You have mozzie nets, so use them! Keep the door and window nets on your tent or swag closed except when you’re going in or out. It only takes a few minutes for swarms of flies to get in, and you’re not going to have much luck getting them out again. Even worse, spiders and scorpions – even snakes – can crawl inside and set up home in your sleeping bag. That’s not something you want to find out when you get into bed.
Think about what attracts insects to your location. Mostly they’re after food and water. Try not to pitch your camp beside standing water – always look for a fast-flowing stream if you can, because that won’t be an insect breeding ground. Keep your food in sealed containers and bag up any leftovers securely. Throwing what’s left outside the camp will attract insects in no time. If you have a camp fire any scraps can be burned. Also remember that insects have more generous ideas about food than you do. If you’re digging yourself a dunny make sure it’s well away from your camp, and throw some earth down there after you’ve used it.
If the area you’re camping in has lots of mozzies or sandflies it’s worth spraying the inside of your tent half an hour before you go to bed.

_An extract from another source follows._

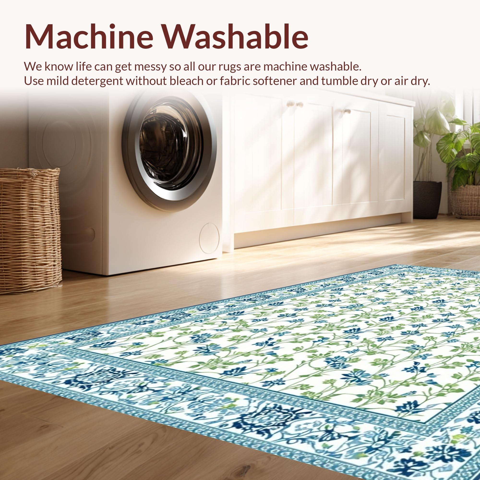 - Machine Washable: Our rugs can be easily thrown in the wash machine.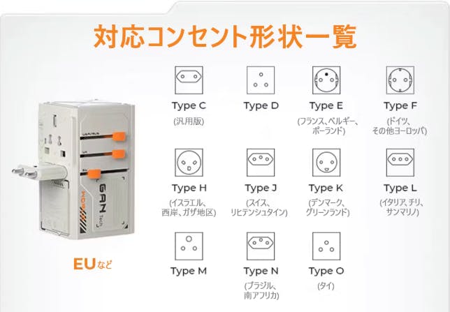 ヨーロッパ各国で広く使用されているCタイプ(2ピン丸型)、Eタイプ(2ピン丸型+接地ピン)、Fタイプ(2ピン丸型+接地ピン)にも対応しています。ヨーロッパ旅行や出張時にも、VisaPro 170Wがあれば、充電に困ることはありません。

Chances are a few will have managed to sneak in, and a quick blast of Raid will kill them off so you can sleep undisturbed.
You should always be carrying a first aid kit when you head off, and it needs to contain a few basic treatments for insect bites. Antiseptic wipes are always a good idea, and calamine lotion will help with the itching from many bites. Specialist bite lotions are always a good diea, and standard painkillers like aspirin or paracetamol help bring down swellings and ease discomfort. Ice packs are great if you can carry them. If you don’t have a freezer in your 4wd try something like the Aeroplast instant packs – these use a chemical reaction to chill themselves, so they can be used anywhere.
Bites from some species need more serious attention. If you think someone’s been bitten by a funnel web or other venomous spider they need immediate medical treatment, so immobilise them and get them to a doctor as fast as you can.
If you’re exploring Australia there’s no getting away from insects and other bugs, but there’s no need to let them spoil your trip either. Carry the right kit and take a few basic precautions and you can have a good time even when the tiny natives are hostile. Dealing with wildlife is all part of life here, and we all have to start small!